The scale matters because second-chance testing is easier to dismiss when retakes appear to depend on heroic instructor effort. Generated questions, autograding, student self-scheduling, and secure proctored rooms make retakes a normal part of large-course assessment.

Accommodations are part of the infrastructure

The podcast focuses on retakes, but accommodations are another reason testing centers matter. Accommodations are often treated as exceptions to normal exam logistics, but a well-run CBTF treats them as routine.

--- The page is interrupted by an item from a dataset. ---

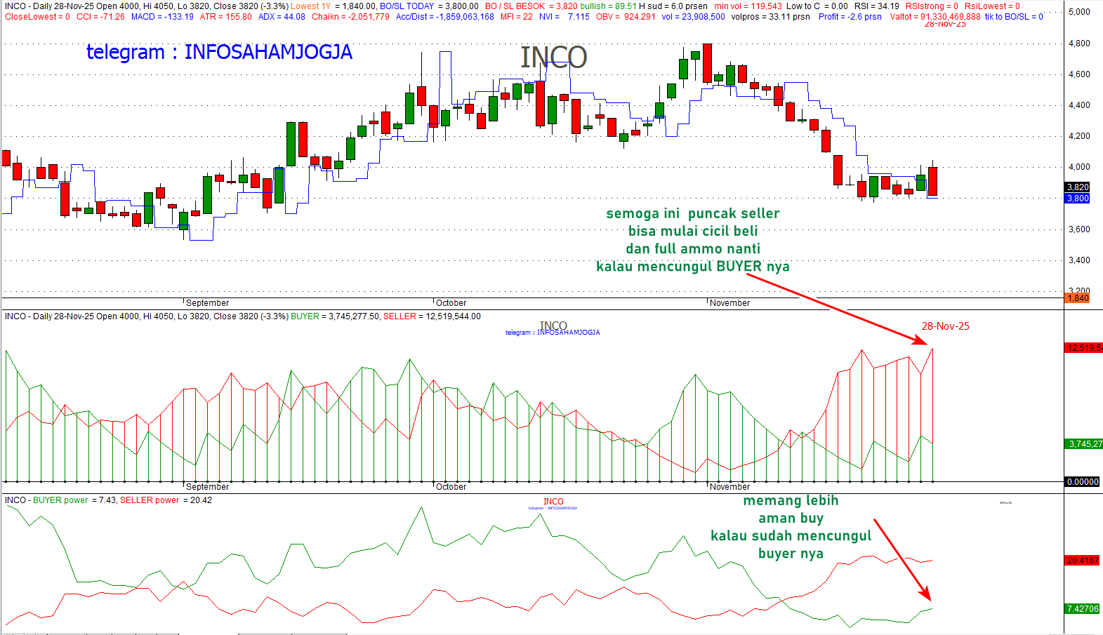 - INCO berada dalam fase konsolidasi setelah tekanan jual di sektor nickel.

PrairieTest centralizes extended time, per-student overrides, reduced-distraction seats, assistive technology, accessible workstations, and special exam procedures. A centralized testing center can keep accommodated exams in the same scheduling and security workflow as the rest of the course instead of forcing each instructor to arrange separate rooms, proctors, and make-up times.

What to listen for

The conversation is especially relevant if you are trying to move from traditional high-stakes exams toward more learning-centered assessment. A few themes stand out:

  • Second-chance testing: Craig explains why retakes should use new questions aligned to the same learning objectives, not repeated copies of the original exam.
  • Immediate feedback: PrairieLearn can let students know which auto-graded work was correct before they leave the exam, giving them time to study before a retake window.
  • Assessment security: A dedicated testing center gives instructors a controlled environment without requiring invasive remote-proctoring software on student-owned devices.
  • Student flexibility: Asynchronous testing windows let students choose exam times that fit their schedules while preserving exam security.
  • Accommodations: PrairieTest can manage accommodations and per-student overrides as part of the same exam workflow.
  • Question authoring: Generated question variants are the foundation that makes frequent assessment and retakes sustainable over multiple semesters.

PrairieLearn research also covers retrieval practice, second-chance testing, and computer-based testing centers, including studies on test anxiety, student scheduling preferences, second-chance exam policies, and long-term CBTF operation.

PrairieLearn and PrairieTest are built for this model

PrairieLearn started as a flexible question platform for rich, auto-graded, mastery-oriented practice and exams. PrairieTest adds the exam-management layer needed for real testing operations: reservations, check-in, proctoring, accommodations, overrides, and multiple delivery formats.

PrairieLearn and PrairieTest let a CBTF support a different assessment model. Instructors can run exams more often, return feedback faster, preserve exam security, and give students more than one chance to show what they have learned.